The essential facts are not disputed. Gary Ogle was seriously injured when a hydraulic crane “two-blocked,” causing a ball weighing 175 pounds to fall on his *724 head. 1 Ogle’s employer purchased the crane from the Craig Taylor Equipment Company. It was manufactured by the FMC Corporation. Ogle sued FMC and Craig Taylor, alleging that they were strictly liable for manufacturing and distributing an unreasonably dangerous product. 2

FMC and Ogle settled. FMC paid Ogle one million dollars and assigned to Ogle its claim for contribution against Craig Taylor. In return, Ogle released FMC and Craig Taylor from all other liability claims.
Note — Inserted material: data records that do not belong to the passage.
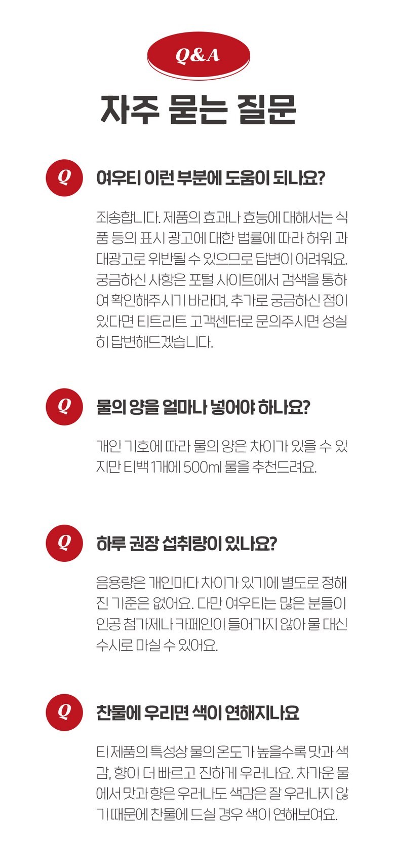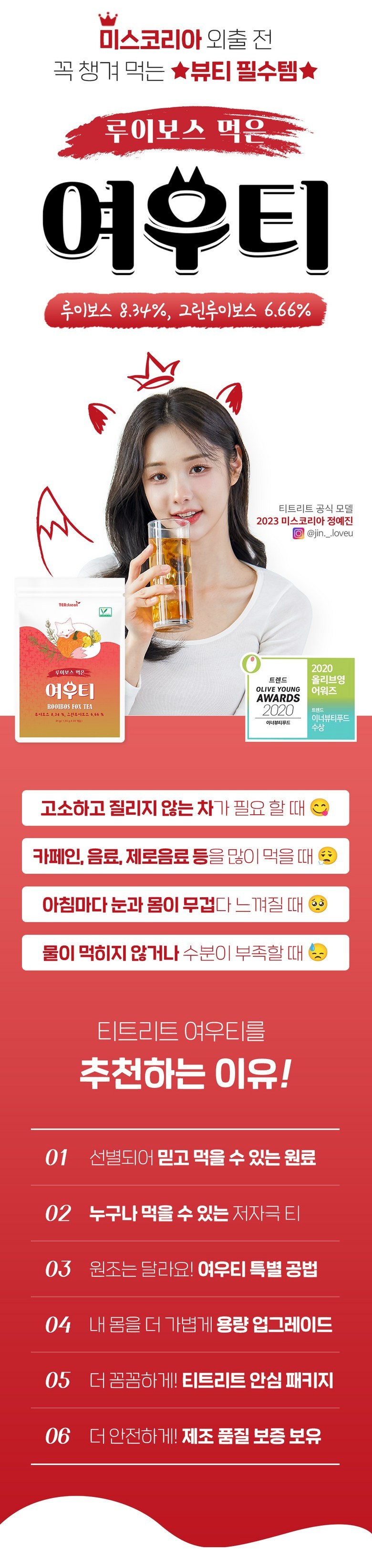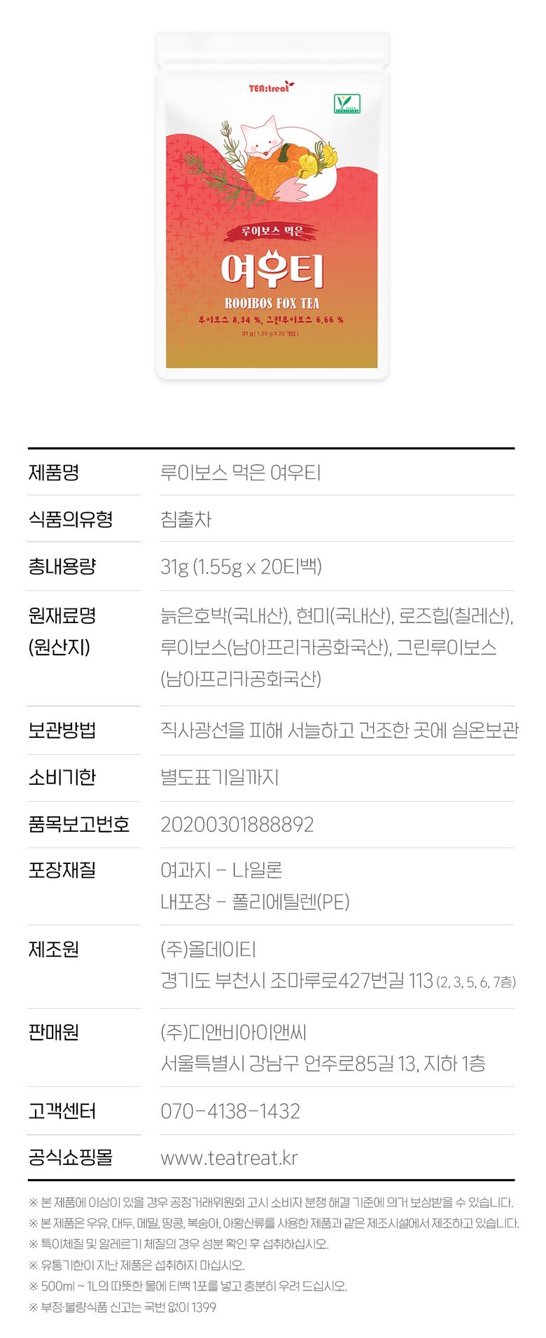 | 제품명 | 티트리트 루이보스 먹은 여우티 20개입 | 식품의 유형 | 상품 상세페이지 참조 |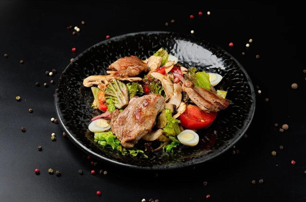 Свиная вырезка гриль, шампиньоны. перепелиные яйца, красный лук, томаты, маслины, листья салата, соус на основе меда и гранатового сока.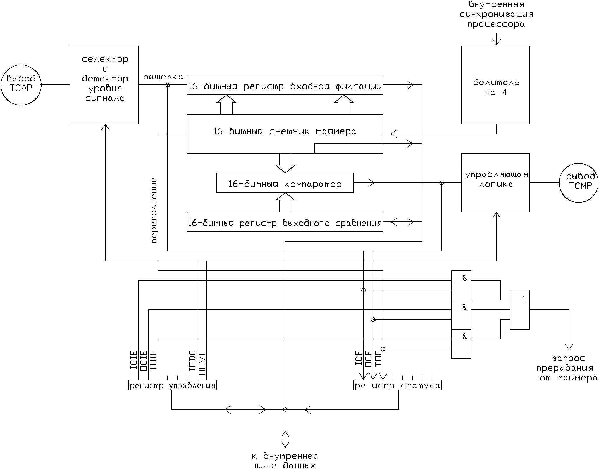Рис. 2-8 Блок-схема таймера. При начальной установке 16-битный счетчик таймера, расположенный по адресу 18Н-19Н, начинает работу со значения FFFCН. Далее значение счетчика увеличивается на единицу при поступлении синхроимпульса с предделителя частоты, дающего разрешение в 2 мкс при использовании кварца 4МГц. Когда значение счетчика достигает FFFFH, он сбрасывается в 0000H, устанавливая флаг переполнения. Значение счетчика дублируется в альтернативном счетчике, расположенном по адресу 1АН-1ВН. Единственное различие этих регистров состоит в том, что при чтении счетчика происходит сброс флага переполнения, а при обращении к альтернативному счетчику этого не происходит. Счетчик, как и альтернативный счетчик, может быть прочитан в любой момент, но не может быть записан. Если сначала читается старший байт счетчика (18Н), то младший байт запоминается в буфере. Это значение остается в буфере неизменным даже если старший байт читается несколько раз. Доступ к буферу осуществляется при чтении младшего байта счетчика. Если же считывать несколько раз только содержимое младшего байта счетчика, то каждый раз при этом будут считываться разные значения, соответствующие моменту считывания. Регистр входной фиксации (Input Capture Register) расположен по адресу 14Н-15Н и предназначен только для чтения из него времени обнаружения на выводе TCAD сигнала. Уровень сигнала, вызывающего фиксацию времени, задается программно через бит IEDG управляющего регистра. RESET не оказывает влияния на содержимое регистра входной фиксации. Значение в регистре ICR при фиксации будет на единицу больше значения счетчика в момент фиксации. Эта задержка необходима для внутренней синхронизации. Таким образом, счетчик и регистр входной фиксации имеют одинаковое разрешение, равное четырем циклам внутренней синхронизации. При обнаружении сигнала на выводе ТСАP содержимое счетчика фиксируется в ICR вне зависимости от состояния флага ICF (см. регистр статуса). Поэтому ICR всегда содержит время последней фиксации. При чтении старшего байта регистра входной фиксации (14Н) фиксация следующего значения запрещается до тех пор, пока не будет прочитан младший байт. Чтение же младшего байта не влияет на возможность очередной входной фиксации. Регистр выходного сравнения (Output Compare Register) расположен по адресу 16Н-17Н и используется для программирования какого-либо действия в определенное время (т. е. когда счетчик достигнет определенного значения). Все биты регистра могут быть прочитаны и записаны в любой момент времени, и не изменяют свое состояние при RESET. Если в функции выходного сравнения нет необходимости, эти ячейки памяти могут использоваться для других целей. Значение в регистре выходного сравнения сравнивается со счетчиком каждые 4 цикла. Когда значения совпадают, устанавливается флаг (OCF) и уровень бита OLVL (см. регистр статуса таймера) передается на вывод ТСМР. Так же может происходить прерывание, если установлен бит OCIE. Содержимое регистра выходного сравнения и бит OLVL должны изменяться после каждого удачного сравнения, для того чтобы начать новый цикл сравнения. При записи сначала в старший байт ОСR (16Н) сравнение не будет производиться до тех пор, пока не будет записан младший байт. При записи же сначала в младший байт, функция сравнения будет активирована. Таким образом, пользователь должен записать о

Ogle then sued Craig Taylor for contribution under the assignment from FMC. He sought $500,000, Craig Taylor’s pro rata share of the million dollar settlement under AS 09.16.020(1). However, the superior court ruled that Craig Taylor was liable only for contribution according to its relative fault pursuant to the Tort Reform Act, AS 09.17.080(d). The court concluded that, to prevail on the merits of the contribution claim, Ogle must prove (1) FMC’s liability to Ogle, (2) Craig Taylor’s liability to Ogle, (3) the amount of damages suffered by Ogle, and (4) the reasonableness of the settlement.
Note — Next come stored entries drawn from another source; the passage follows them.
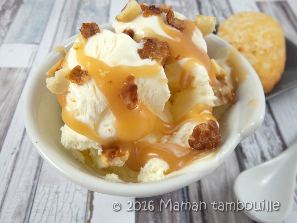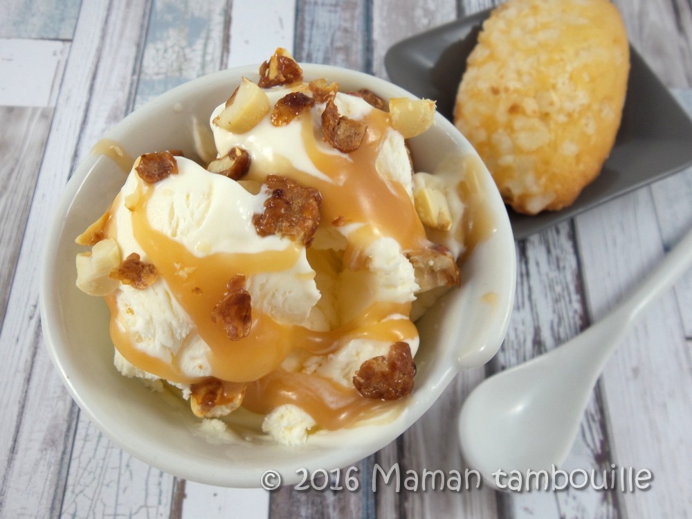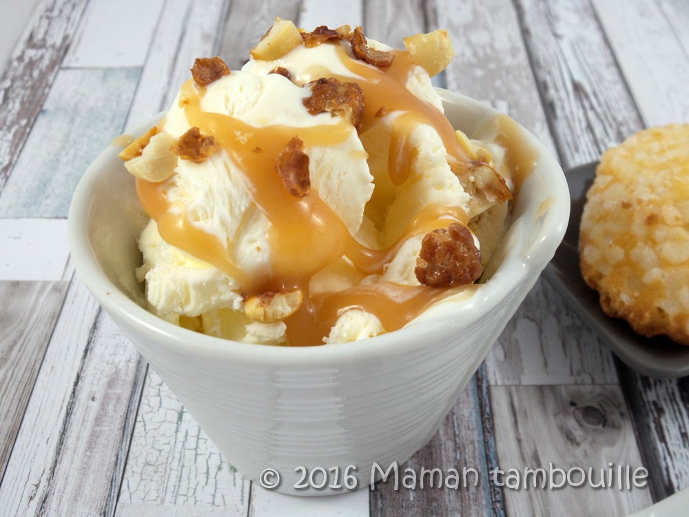 Cette glace étant « nature » (je n’y ai même pas ajouté de vanille), elle doit être accompagnée de différents topping pour prendre toute sa splendeur, pour moi du caramel au beurre salé et des éclats de chouchou. Un pur délice !!!!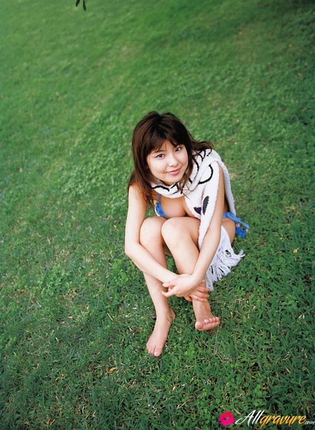 All Gravure: Miri Hanai Asian shows huge melons in tiny lingerie on grass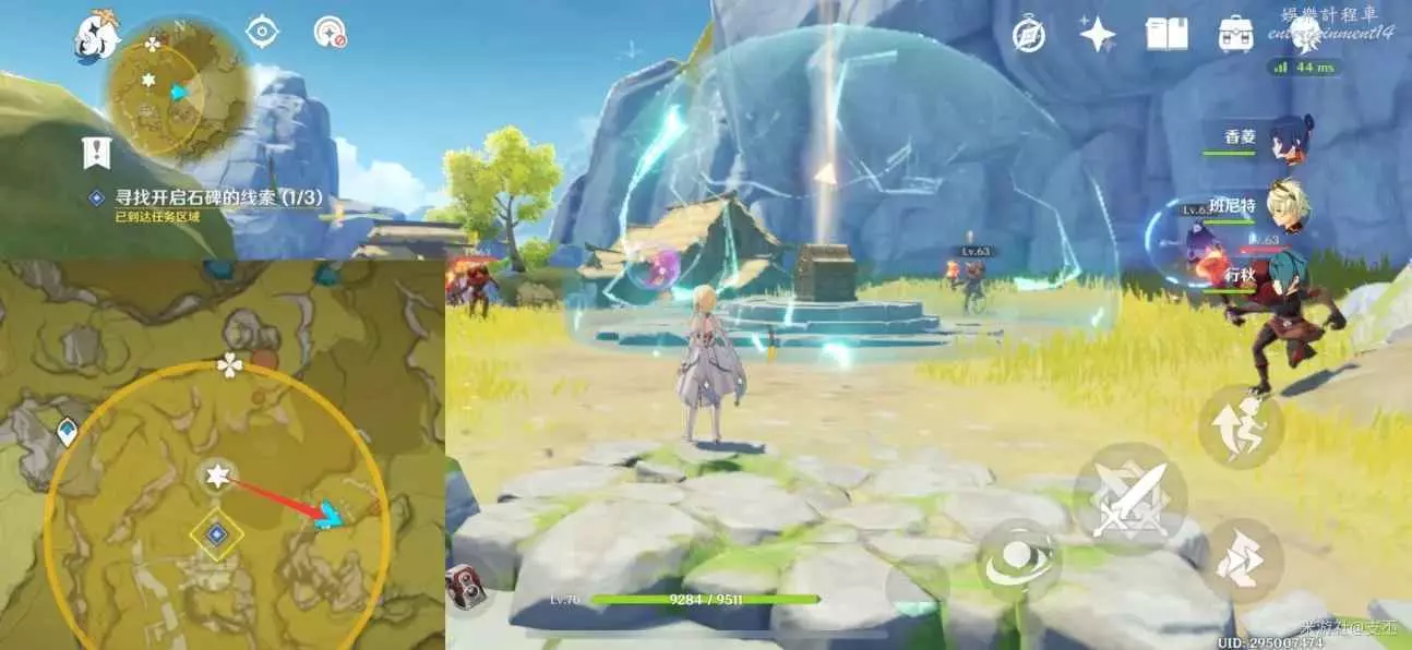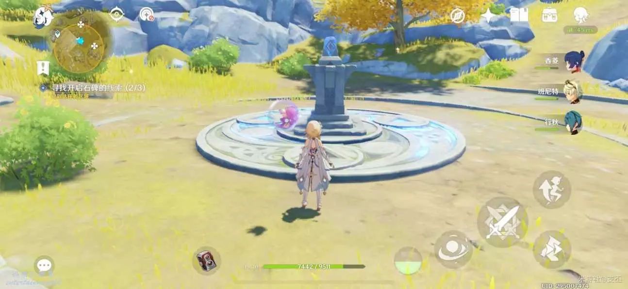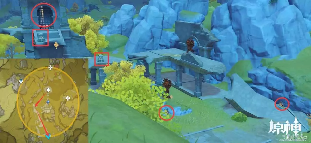 靠近光錐,出現丘丘人和屏障,擊敗它們,解鎖屏障,拾取珍貴寶箱(5原石)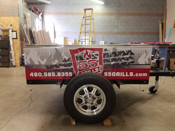 55 Grills is the answer to your tailgating quandary. These friendly folks hook you up with quality stainless steel towable grills that come in a number of sizes and designs. Located at 1309 North Leland Court, this business makes it possible for mobile catering outfits, businesses hosting special events, and private parties who want to cook for the family reunion at the lake to do just that. But while these folks put together the rugged construction, they contacted us for help with grill wraps in Gilbert, AZ.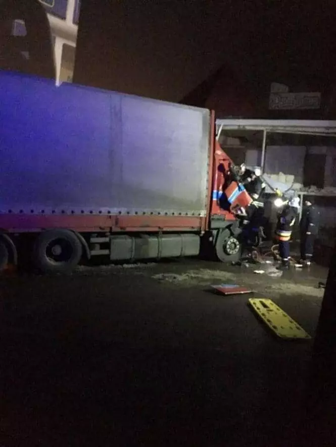 Щоб уникнути зіткнення, водій тягача «DAF» інстинктивно повернув праворуч та в’їхав в приміщення непрацюючого кафе.

Ogle petitioned for review of the superi- or court decision.

II

Assuming, arguendo, that AS 09.17.-080(d) requires contribution according to relative fault, 3 Ogle contends that the Tort Reform Act does not apply to a contribution claim arising from an injury which occurred before the effective date of the Act. Craig Taylor, on the other hand, argues that the provisions of the Tort Reform Act apply because FMC’s contribution claim accrued after the Act’s effective date, when FMC paid more than its pro rata share of the liability.

The Tort Reform Act, according to its express language, applies to “all causes of action accruing after [its] effective date,” June 11, 1986. Ch. 139, §§ 9, 11, SLA 1986. The question is whether the language in the Tort Reform Act refers to the underlying cause of action in tort, which accrued when Ogle was injured in 1983, or to the cause of action for contribution, which accrued when Ogle and FMC settled the case in 1987. See Lamoreux v. Langlotz, 757 P.2d 584, 585 (Alaska 1988) (cause of action accrues when all elements of claim have occurred); see also AS 09.16.-030(d)(1).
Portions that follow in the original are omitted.